0. 运行环境

最近在工作中,碰到了一个折磨我们半个多月的一个问题。我们存储服务器端运行centos 7, Linux内核版本为3.10.0-229.el7.x86_64,通过qlogic FC HBA卡对外提供块存储服务,存储服务器同时提供快照服务,快照周期是15秒钟每次。在Initiator端还对有快照的卷持续发起大量IO请求的情况下,我们发现长时间的测试会导致内核崩溃。

1. 问题现象

此外,我们还发现使用iSCSI服务在上面同样压力的情况下,没有问题。但是一旦使用用qlogic HBA卡访问存储池,运行6~10个小时后,上面问题必现。同时,dmesg中出现很多list_del corruption。部分日志如下:

8862 <4>1 2017-11-20T16:13:18.725115+08:00 localhost kernel - - - list_del corruption, ffff881d52b36890->next is LIST_POISON1 (dead000000100100)
28863 <4>1 2017-11-20T16:13:18.725148+08:00 localhost kernel - - - Modules linked in: target_core_file nfsd auth_rpcgss nfs_acl lockd sunrpc fuse arxcis(OF) ext4 mbcache jbd2 dccp_diag dccp tcp_diag udp_diag         inet_diag unix_diag af_packet_diag netlink_diag xt_CHECKSUM iptable_mangle ipt_MASQUERADE nf_nat_masquerade_ipv4 iptable_nat nf_nat_ipv4 nf_nat nf_conntrack_ipv4 nf_defrag_ipv4 xt_conntrack nf_conntrack         ipt_REJECT iptable_filter tun bridge stp llc iscsi_tcp libiscsi_tcp libiscsi scsi_transport_iscsi raid1 ses enclosure iscsi_target_mod(OF) tcm_qla2xxx(F) coretemp kvm_intel iTCO_wdt iTCO_vendor_support         kvm crc32_pclmul ghash_clmulni_intel aesni_intel lrw gf128mul glue_helper ablk_helper cryptd pcspkr mei_me lpc_ich mei mfd_core i2c_i801 shpchp wmi qla2xxx(F) target_core_iblock target_core_pscsi targe        t_core_mod acpi_power_meter acpi_pad scsi_transport_fc
28864 <4>1 2017-11-20T16:13:18.727391+08:00 localhost kernel - - -  scsi_tgt sg(F) PlxSvc_dbg(OF) Plx8000_NT_dbg(OF) Plx8000_DMA_dbg(OF) ipmi_watchdog(F) ipmi_poweroff(F) ipmi_si(F) ipmi_devintf(F) ipmi_msgha        ndler(F) blktap(OF) uinput ip_tables xfs libcrc32c sd_mod crc_t10dif ast syscopyarea sysfillrect sysimgblt drm_kms_helper ttm drm ixgbe ahci libahci igb mpt3sas libata crct10dif_pclmul mdio crct10dif_co        mmon crc32c_intel ptp raid_class pps_core scsi_transport_sas i2c_algo_bit i2c_core dca dm_mirror dm_region_hash dm_log dm_mod [last unloaded: arxcis]
  28865 <4>1 2017-11-20T16:13:18.727418+08:00 localhost kernel - - - CPU: 30 PID: 262 Comm: kworker/u66:1 Tainted: GF          O--------------   3.10.0-229.el7.x86_64+ #1

2. 分析过程

根据内核日志,可以看到是list_del在删去一个节点的时候,发现这个节点已经被删除掉,于是导致内核corruption。

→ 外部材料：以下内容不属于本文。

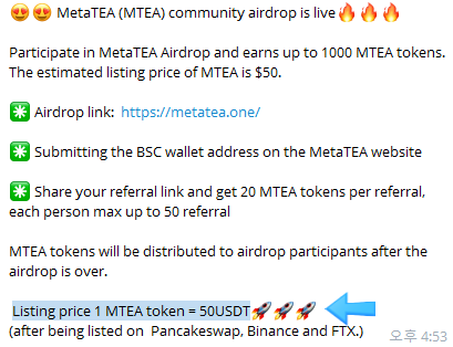 현재 토큰개발자는 상장시 1개당 50 USDT
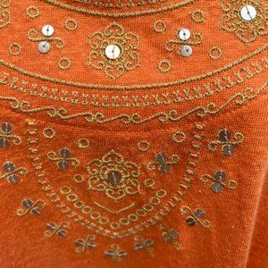 J. Jill Love Linen Embroidered & Beaded Scoop Neck Blouse Top Orange/Gold Size L
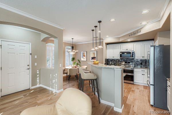 Welcome home! This beautifully updated 2-bedroom, 3-bathroom townhouse offers 1,669 sq. ft. of comfortable living space in the heart of Highlands Ranch, Colorado. With thoughtful upgrades and a warm, welcoming feel, this home is ready for you to move right in.The remodeled kitchen is the heart of the home, featuring gorgeous granite countertops, plenty of cabinet space, and updated appliances—perfect for family meals or entertaining friends. The open floor plan flows into the bright living and dining areas, highlighted by new hardwood floors and crown molding that add a touch of charm throughout. Upstairs, you’ll find two spacious bedrooms, each with its own private bathroom, creating the perfect retreat for everyone in the family. An additional bathroom on the main level makes everyday living even more convenient. There is even additional den space on the main floor that can be used as a craft room, home office or could easily be converted to a third bedroom. You’ll love the location—just a short walk to Civic Green Park, Highlands Ranch Library, local recreation centers, and the Highlands Ranch Town Center. Whether it’s enjoying a picnic at the park, an afternoon at the library, or a day of shopping and dining, everything your family needs is right around the corner. With its cozy updates, family-friendly layout, and ideal location, this townhome is the perfect place to plant roots and create lasting memories. Also, Seller is offering to help with lender incentives for rate buydown.

这个list_del是由target core mode驱动中的target_tmr_work工作线程调用,这个线程在客户端发现IO超时后发出Lun Reset请求后会被触发。

参考《spec4r11》:

5.6.10.4.2

Failed persistent reservation preempt

If the preempting I_T nexus’ PREEMPT service action or PREEMPT AND ABORT service action fails (e.g.,repeated TASK SET FULL status, repeated BUSY status, SCSI transport protocol time-out, or time-out due to the task set being blocked due to failed initiator port or failed SCSI initiator device), the application client may send a LOGICAL UNIT RESET task management function to the failing logical unit to remove blocking tasks and then
reissue the preempting service action.

以及SCSI规范:《scsi primarey command spec》:

5.5.1 Reservations overview
Reservations may be used to allow a device server to execute commands from a selected set of initiator ports and reject commands from initiator ports outside the selected set of initiator ports. The device server uniquely identifies initiator ports using protocol specific mechanisms. Application clients may add or remove initiator ports from the selected set using reservation commands.

特别是下面的这句话:

If the application clients do not cooperate in the reservation protocol, data may be unexpectedly modified and deadlock conditions may occur.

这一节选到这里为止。